Żeby śledzić swoje filmowe „ofiary” i zbadać możliwości przeprowadzenia ataku nasz łowca potrzebuje jednego długiego ujęcia i stabilnego planu. Nie może się rozpraszać, musi być skupiony na obiekcie polowania, bo dla niego to jest prawdziwa obserwacja i prawdziwe polowanie. Jeśli weźmiemy pod uwagę ograniczoną ilość barw, które kot jest w stanie rozpoznać, nie będzie nas także dziwić nieco monotonna kolorystyka kocich filmów.
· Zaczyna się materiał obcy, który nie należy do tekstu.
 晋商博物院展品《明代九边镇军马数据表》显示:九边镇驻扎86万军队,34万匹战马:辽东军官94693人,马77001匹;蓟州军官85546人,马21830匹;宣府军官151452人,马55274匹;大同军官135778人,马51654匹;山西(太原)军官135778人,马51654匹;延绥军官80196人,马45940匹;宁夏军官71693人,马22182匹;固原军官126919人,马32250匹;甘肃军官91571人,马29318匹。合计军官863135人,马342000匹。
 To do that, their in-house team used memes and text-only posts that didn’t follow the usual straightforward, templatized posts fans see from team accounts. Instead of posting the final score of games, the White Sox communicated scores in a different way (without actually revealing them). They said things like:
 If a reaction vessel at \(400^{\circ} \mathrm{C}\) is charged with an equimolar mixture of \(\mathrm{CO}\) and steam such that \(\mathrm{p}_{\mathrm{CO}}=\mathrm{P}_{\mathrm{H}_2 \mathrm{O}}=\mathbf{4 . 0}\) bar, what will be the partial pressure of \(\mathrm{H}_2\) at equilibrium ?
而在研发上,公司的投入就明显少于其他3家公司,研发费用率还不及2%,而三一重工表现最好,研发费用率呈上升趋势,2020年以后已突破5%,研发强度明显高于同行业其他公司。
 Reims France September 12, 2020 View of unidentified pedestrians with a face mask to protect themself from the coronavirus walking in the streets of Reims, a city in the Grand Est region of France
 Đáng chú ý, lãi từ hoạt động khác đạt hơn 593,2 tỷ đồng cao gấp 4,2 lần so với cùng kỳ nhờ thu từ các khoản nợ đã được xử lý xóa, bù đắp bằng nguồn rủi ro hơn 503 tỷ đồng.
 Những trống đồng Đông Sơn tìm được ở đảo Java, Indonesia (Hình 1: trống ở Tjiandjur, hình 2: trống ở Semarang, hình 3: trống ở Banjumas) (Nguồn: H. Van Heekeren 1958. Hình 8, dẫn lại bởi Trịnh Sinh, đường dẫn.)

Niektóre są nawet kręcone z użyciem specjalnego filtra, który usuwa zbędne kolory oraz wzmacnia kontury, szczególnie na skrzydłach i nogach owadów, co pozwala zwierzęciu łatwiej obserwować ich poruszenia. Dla ludzi taki obraz może wyglądać dziwnie, ale pamiętajmy, że to nie są filmy dla ludzi, tylko dla kotów.

Co na to koty?
Twórcy ostrzegają na swoich stronach internetowych, że niektóre koty potrzebują dodatkowych zachęt ze strony opiekunów, żeby zainteresować się obrazami na ekranie i za pierwszym razem trzeba im wszystko pokazywać palcem. Niektóre potrzebują kilku pokazów, aby zwrócić uwagę na ekran telewizora. Kiedy już zrozumieją, że ten specjalny pokaz jest przeznaczony właśnie dla nich, wpatrują się w ekran, próbują chwycić łapkami biegające stworzenia, siadają na telewizorze, aby sięgnąć także z góry.
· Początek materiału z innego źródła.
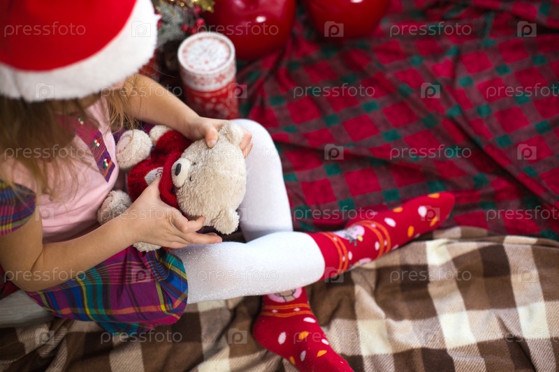 Маленькая девочка держит плюшевого мишку, сидит на пледе в рождественских украшениях возле елки с коробками подарков и шляпой Санты. Новый год, детская игра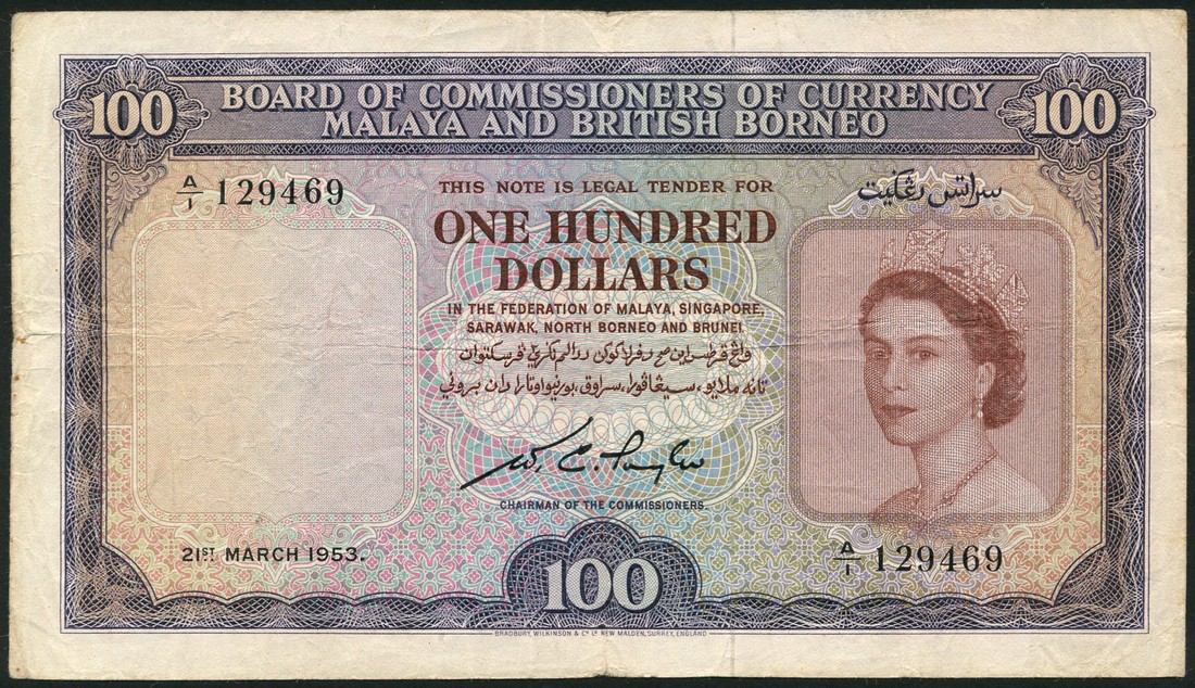 Board of Commissioners of Currency Malaya and British Borneo, $100, 21 March 1953, serial number A/I 129469, Multicolour, portrait Queen Elizabeth II at right, reverse, 16 coats of arms,

Niutka woli obserwować prawdziwe ptaki

Udało się wyróżnić pięć możliwych typów reagowania w zależności od kociej osobowości. Pierwszy typ, zabawowy, szybko uczy cieszyć się z filmowego polowania. Często próbuje złapać poruszające się na ekranie stworzenia, potrafi się upomnieć o kolejny seans. Typ badacza niezwykle uważnie sprawdza łapkami przesuwające się kształty, bada je siedząc na telewizorze. Typ zrelaksowany urządza sobie krótkie przerwy w oglądaniu, zachowuje się jakby film był czymś całkowicie naturalnym, od czasu do czasu rzuca okiem na ekran. Myśliwy to typ wykazujący ogromne zainteresowanie obrazami ptaków i owadów, atakuje je intensywnie, a nieraz po skończonym filmie próbuje ich szukać w innych miejscach mieszkania. Ty aktywny natomiast z jednej strony agresywnie atakuje obiekty z monitora, a po wszystkim wydaje się odprężony. Wydaje się, że to dla niego dobry sposób odreagowania rozdrażnienia lub agresji.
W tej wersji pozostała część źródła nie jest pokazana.